Knowledge Problem

Ownership Structures As Alternatives To Traditional Regulation?

Lynne Kiesling

I have taken advantage of the relative liberty and calm of the past three days to work on an overdue paper with a co-author, to whom I owe my share of the work. The question is this: in a physical network that retains some natural monopoly characteristics while some of the rest of the vertical supply chain in the industry is increasingly competitive [gee, she can’t be talking about electricity, can she?], can ownership structure substitute for traditional “natural monopoly” regulation? Specifically, if competing retailers own shares in the wires network, and those shares give them use rights that they can use, sell or rent, will the beneficial tensions of those retailers exercise the “socially optimal” discipline on the capacity use, pricing, and construction in the upstream wires sector?

The more I think of this, the more I think there’s an untapped telecom application for this idea. Most sensible people agree that the idea of open access to essential facilities leaves a bit to be desired (i.e., is crap) for many reasons, including the difficulty of determining the price that competitors should be charged for the use of the incumbent’s physical network. In Illinois, for example, Ameritech/SBC had to accept a payment from competitors equal to the minimum long-run average cost if the network were being used at its optimal scale. I could draw you a bunch of simple graphs to show why this is a stupid idea, why it’s totally incentive *in*compatible, and why SBC rightly complained (although they egregiously and foully exercised their political muscle in late 2003 to rectify the matter). Plus, that LRAC is estimated; it’s not like SBC’s CFO has it tattooed on the back of the neck! If it’s estimated through a political process, then the whole panoply of rent seeking kabuki players come out onto the stage, and ya gotta wonder whether or not the LRAC the ICC uses is really LRAC*! I’m thinkin’ … not!
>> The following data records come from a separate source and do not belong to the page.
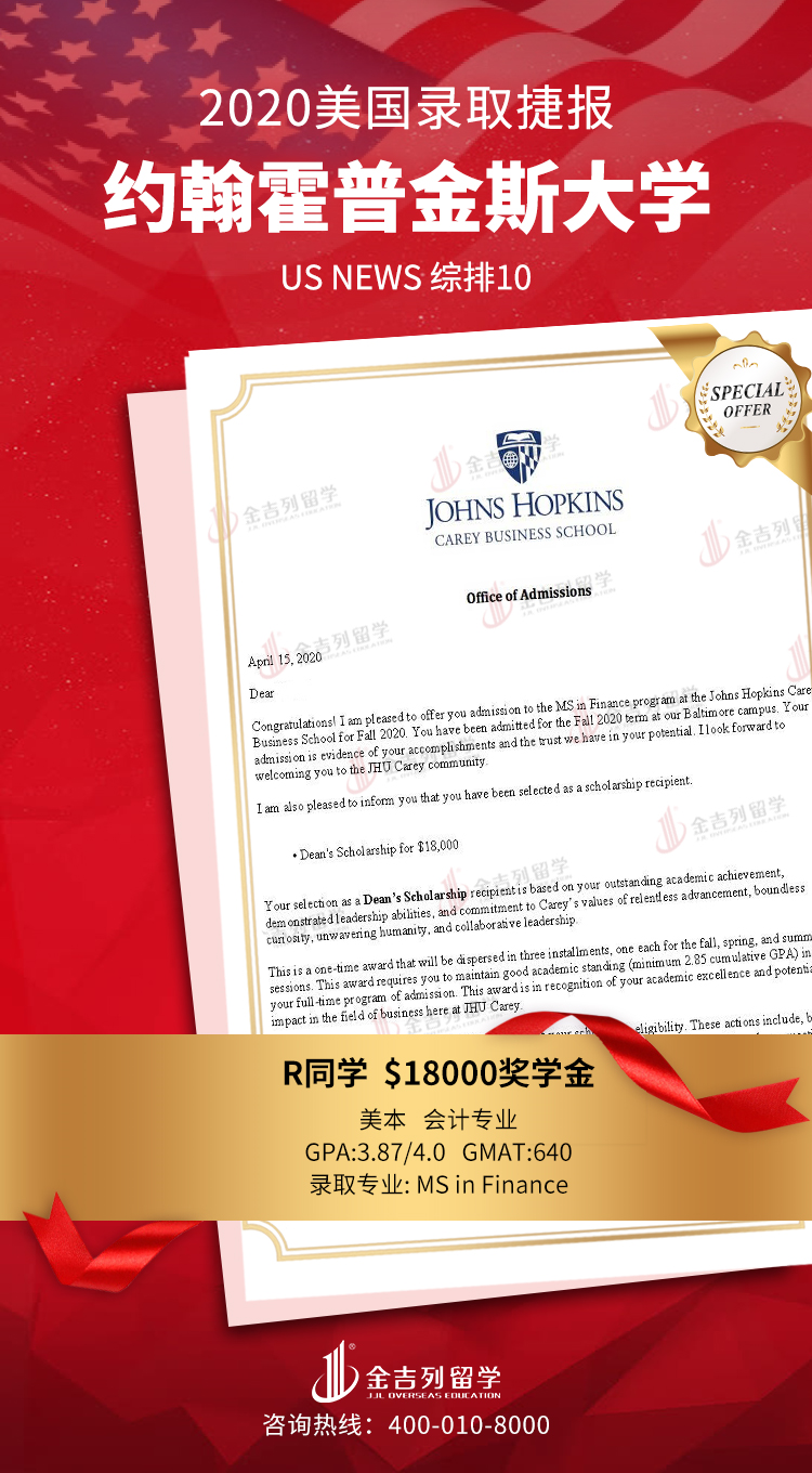 录取院校:约翰霍普金斯大学,同时获得18000美金奖学金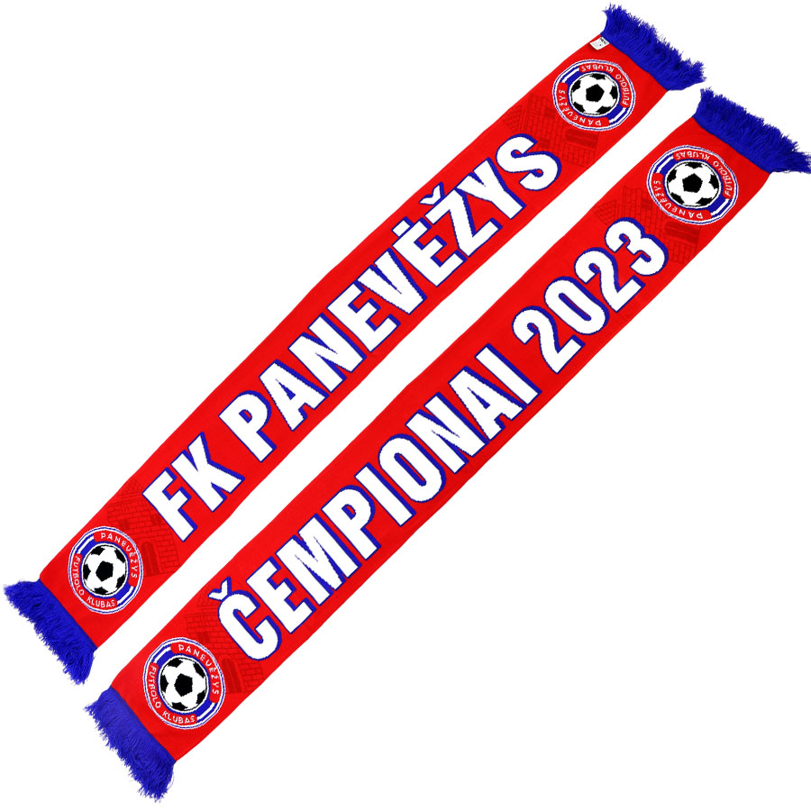 Oficialus FK „Panevėžys“ šalikas su logotipu ir užrašu „Čempionai 2023“ – puiki dovana ir sirgalių atributas.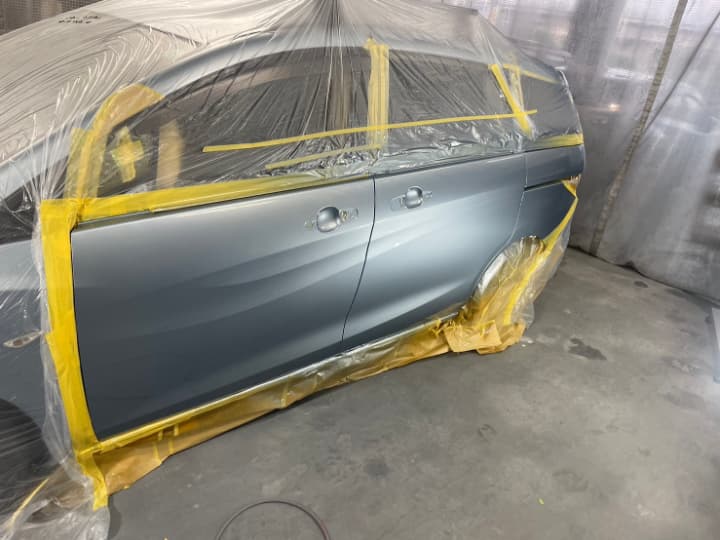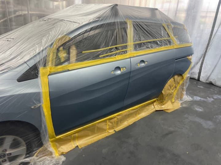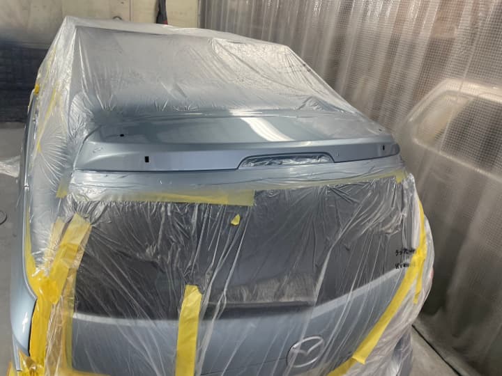 その後車を塗装ブースに移動して、車全体を塗料の飛散による汚れ防止のため専用のビニールシートによるマスキング養生をします。
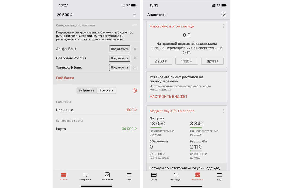 Примечательно, что в разделе «Аналитика» есть функция планирования бюджета по формуле 50/20/30, которая настраивается под нужды пользователя. Например, 50% дохода может идти на обязательные платежи (вы сами выбираете, какие считать таковыми), 20% — на сбережения, а 30% останутся свободными — на отдых, подарки и любые другие желания.
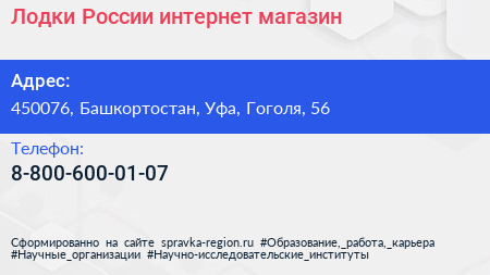 Лодки России, интернет-магазин по адресу 450076, Башкортостан, Уфа, Гоголя, 56 в дальнейшем Организация, размещена в следующих категориях: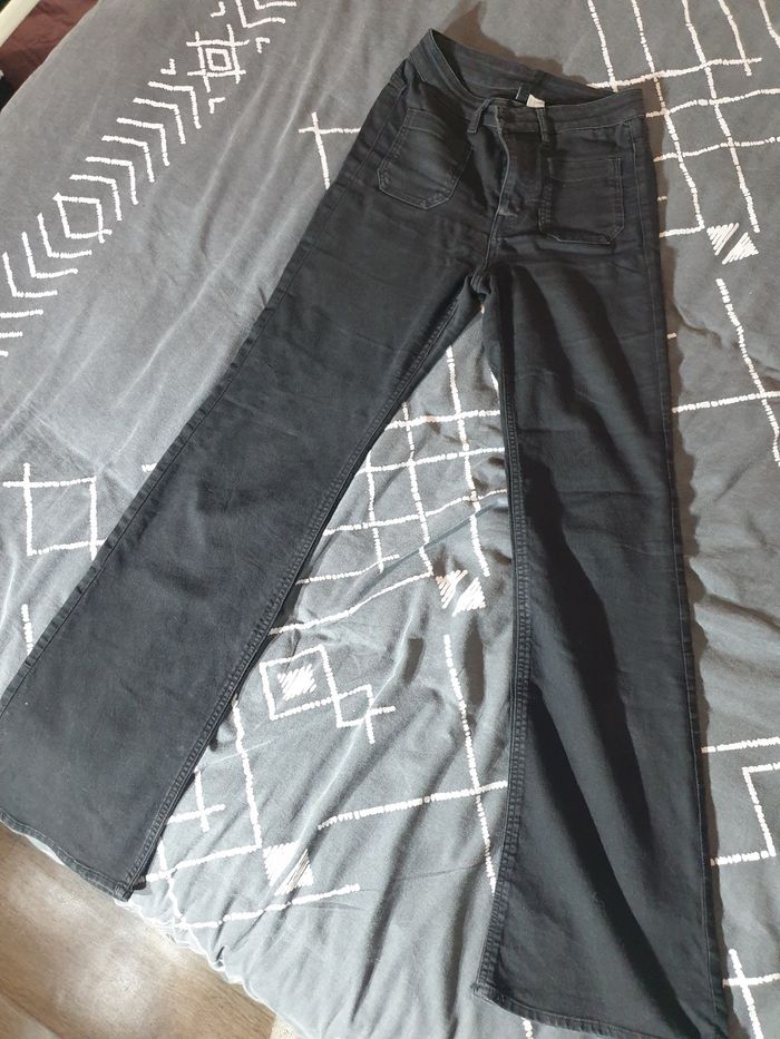 Jean taille haute et large en bas couleur gris/noir pantalon léger taille 36 très bon état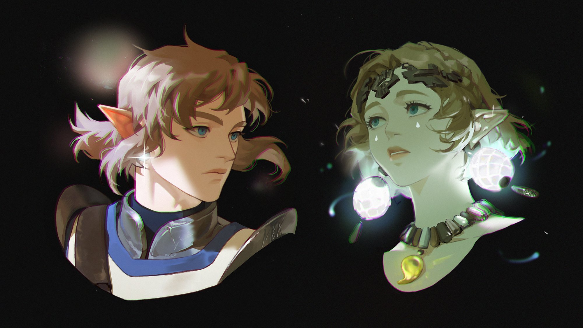 1boy 1girl black_background blonde_hair blue_eyes braid closed_mouth cropped_head crown_braid earrings green_eyes highres jewelry link m88km88k magatama magatama_necklace necklace nintendo parted_lips pendant_choker pointy_ears ponytail princess_zelda short_hair sidelocks the_legend_of_zelda the_legend_of_zelda:_tears_of_the_kingdom upper_body
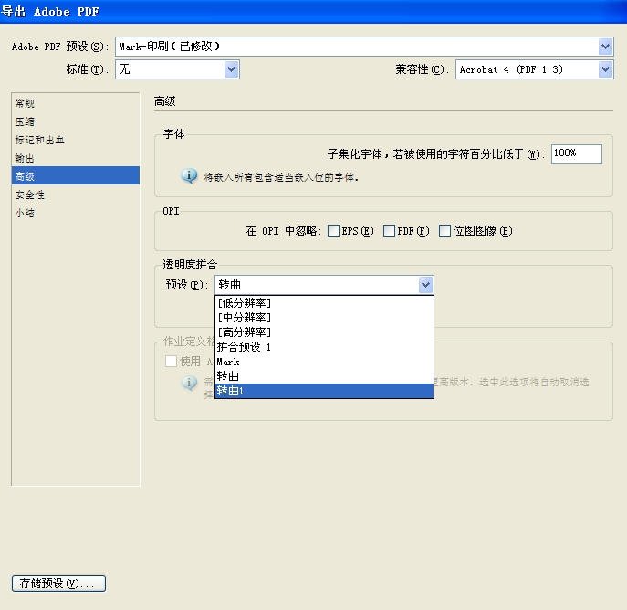 6、 導(dǎo)出PDF時(shí),在【高級(jí)】中選擇(如圖)即可

The competitive joint venture idea (CJV) would instead involve this: the FCC (or is it the state PUCs who have jurisdiction at that level? It’s such a muddle I can’t tell) holds an auction for the use rights of the wires network and switching capability constructed by the incumbent. Competing retailers bid for those use rights, using some well-thought-out design for the auction. The proceeds go to the incumbent, so there will be no sniveling or whining about so-called “stranded costs”. From that point on, the local wires+switching is a CJV, with periodic (annual?) auctions for the use rights for the following year. Or, you could just do one auction at the start, for the right to be a member of the CJV in which the use rights would be determined by the retail market share of each of the CJV members. No entry/exit barriers, no restrictions on the ability to build new wires (except for the usual construction and local zoning junk).

It sounds like a reasonable alternative to open access to me, and certainly worth discussion, scrutiny, and testing (experimental, of course). I’m going to hold off on more whimsical speculation until I’ve thought further through this paper and have a version ready to go up on SSRN or some such thing.